**ACTION ITEM:**
For the listing below, the answer is an exact retyping of the lines from the one with "1941年1月新四军在盐城重" through the one with "The set includes", both included, without pictures.

**EXERCISE INPUTS:**
>>

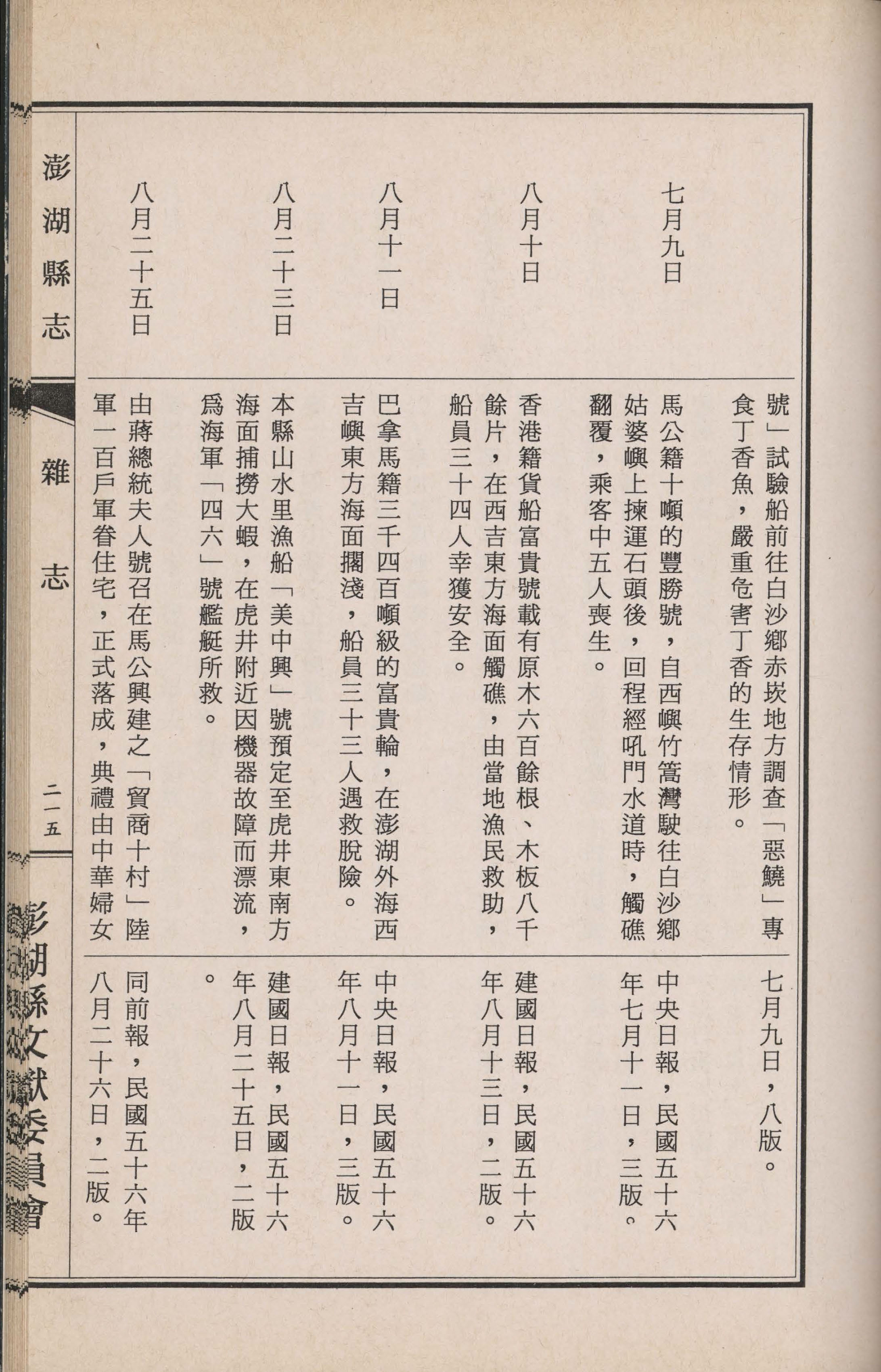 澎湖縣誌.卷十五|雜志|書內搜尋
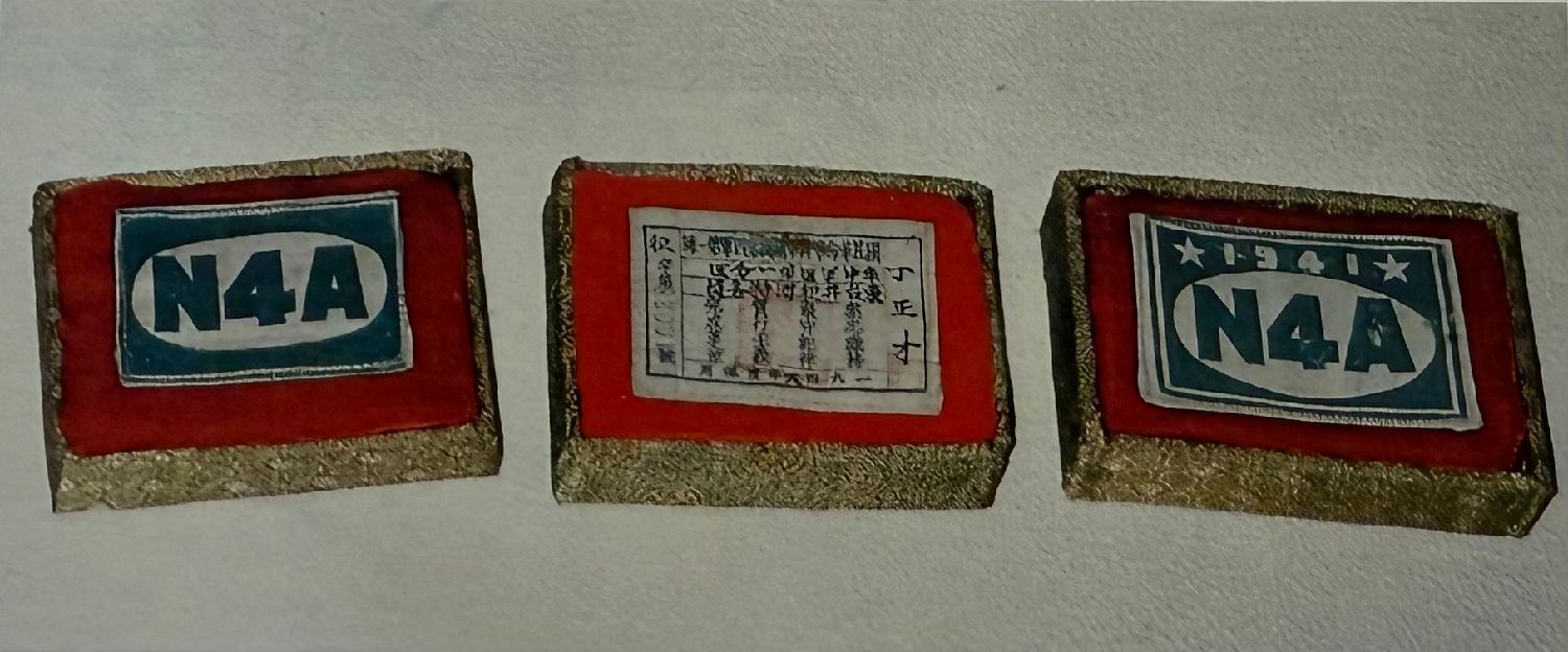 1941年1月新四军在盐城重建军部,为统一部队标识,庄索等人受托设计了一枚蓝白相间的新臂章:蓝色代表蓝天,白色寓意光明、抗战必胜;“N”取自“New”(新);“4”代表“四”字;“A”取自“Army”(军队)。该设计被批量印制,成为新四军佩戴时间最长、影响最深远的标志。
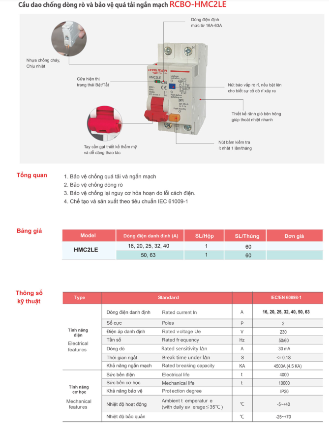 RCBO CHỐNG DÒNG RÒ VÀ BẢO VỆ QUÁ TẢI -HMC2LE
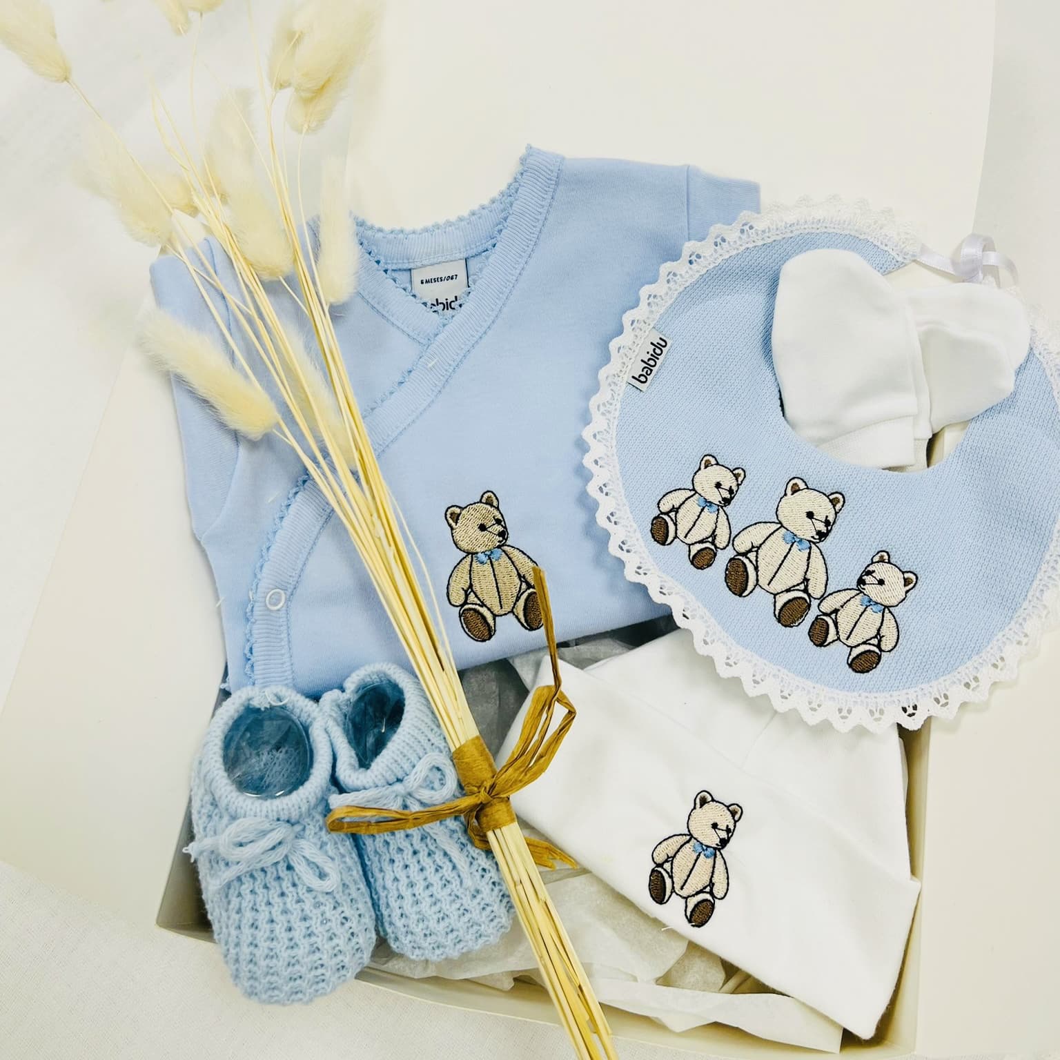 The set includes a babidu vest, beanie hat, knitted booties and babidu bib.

<<
>>

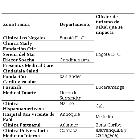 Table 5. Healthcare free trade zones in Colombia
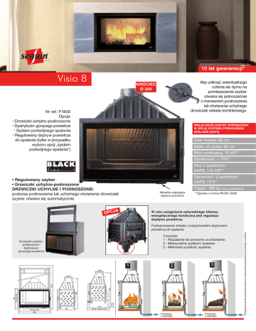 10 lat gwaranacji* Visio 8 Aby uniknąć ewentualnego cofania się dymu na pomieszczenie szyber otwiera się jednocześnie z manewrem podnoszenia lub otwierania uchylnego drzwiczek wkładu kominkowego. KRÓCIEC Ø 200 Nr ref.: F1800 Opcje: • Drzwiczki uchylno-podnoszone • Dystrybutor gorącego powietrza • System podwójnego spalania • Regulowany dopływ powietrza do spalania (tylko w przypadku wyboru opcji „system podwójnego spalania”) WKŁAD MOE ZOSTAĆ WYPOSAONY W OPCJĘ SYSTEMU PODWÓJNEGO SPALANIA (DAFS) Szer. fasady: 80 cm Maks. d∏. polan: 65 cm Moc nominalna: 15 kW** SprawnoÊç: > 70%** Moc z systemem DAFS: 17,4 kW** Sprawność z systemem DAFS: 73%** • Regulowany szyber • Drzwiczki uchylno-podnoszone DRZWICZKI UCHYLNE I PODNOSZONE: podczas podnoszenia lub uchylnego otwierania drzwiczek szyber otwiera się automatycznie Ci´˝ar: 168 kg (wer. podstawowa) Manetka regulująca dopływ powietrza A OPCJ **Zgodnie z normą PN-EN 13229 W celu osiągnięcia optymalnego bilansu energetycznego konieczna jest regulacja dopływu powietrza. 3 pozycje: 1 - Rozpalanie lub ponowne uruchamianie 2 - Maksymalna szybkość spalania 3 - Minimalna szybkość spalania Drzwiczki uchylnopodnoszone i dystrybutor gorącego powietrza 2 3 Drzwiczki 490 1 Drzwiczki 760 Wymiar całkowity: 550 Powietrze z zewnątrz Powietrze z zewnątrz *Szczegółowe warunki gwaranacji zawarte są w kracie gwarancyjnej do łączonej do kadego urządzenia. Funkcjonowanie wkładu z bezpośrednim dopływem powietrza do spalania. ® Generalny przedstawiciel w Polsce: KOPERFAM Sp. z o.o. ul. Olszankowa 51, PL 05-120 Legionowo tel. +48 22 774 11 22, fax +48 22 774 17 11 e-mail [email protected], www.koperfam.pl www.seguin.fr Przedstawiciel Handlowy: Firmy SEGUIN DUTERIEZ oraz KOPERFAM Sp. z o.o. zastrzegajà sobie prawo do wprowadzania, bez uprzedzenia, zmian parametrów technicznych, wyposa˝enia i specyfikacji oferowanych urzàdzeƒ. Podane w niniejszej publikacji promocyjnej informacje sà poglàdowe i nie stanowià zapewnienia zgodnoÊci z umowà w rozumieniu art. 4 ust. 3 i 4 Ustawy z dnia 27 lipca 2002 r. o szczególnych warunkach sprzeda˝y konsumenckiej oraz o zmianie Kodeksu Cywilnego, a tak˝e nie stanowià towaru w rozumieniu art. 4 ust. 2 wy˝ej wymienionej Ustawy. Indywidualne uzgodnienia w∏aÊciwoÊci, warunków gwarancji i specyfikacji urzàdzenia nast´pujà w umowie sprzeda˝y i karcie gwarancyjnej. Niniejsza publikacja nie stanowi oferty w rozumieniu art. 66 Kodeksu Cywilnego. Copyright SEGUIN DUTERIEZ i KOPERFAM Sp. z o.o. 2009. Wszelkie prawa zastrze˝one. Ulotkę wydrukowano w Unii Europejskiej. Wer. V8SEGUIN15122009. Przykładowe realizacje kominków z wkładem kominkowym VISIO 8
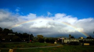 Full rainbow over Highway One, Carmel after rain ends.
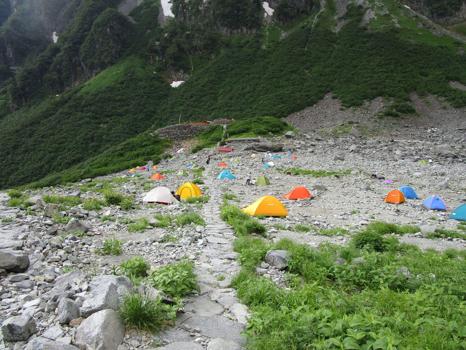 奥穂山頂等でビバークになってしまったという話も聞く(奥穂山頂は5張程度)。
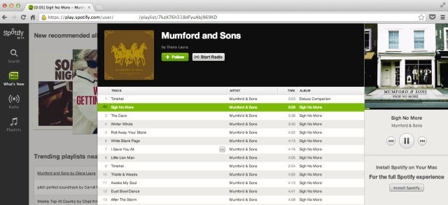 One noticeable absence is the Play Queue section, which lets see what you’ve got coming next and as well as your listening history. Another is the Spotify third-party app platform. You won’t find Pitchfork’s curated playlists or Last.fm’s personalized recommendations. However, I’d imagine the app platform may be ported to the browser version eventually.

<<
>>

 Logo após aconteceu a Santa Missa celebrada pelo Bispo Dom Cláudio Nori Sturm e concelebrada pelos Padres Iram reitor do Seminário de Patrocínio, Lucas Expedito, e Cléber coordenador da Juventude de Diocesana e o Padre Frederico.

<<

**SOLUTION FOR THIS PROBLEM:**
 1941年1月新四军在盐城重建军部,为统一部队标识,庄索等人受托设计了一枚蓝白相间的新臂章:蓝色代表蓝天,白色寓意光明、抗战必胜;“N”取自“New”(新);“4”代表“四”字;“A”取自“Army”(军队)。该设计被批量印制,成为新四军佩戴时间最长、影响最深远的标志。
 RCBO CHỐNG DÒNG RÒ VÀ BẢO VỆ QUÁ TẢI -HMC2LE
 The set includes a babidu vest, beanie hat, knitted booties and babidu bib.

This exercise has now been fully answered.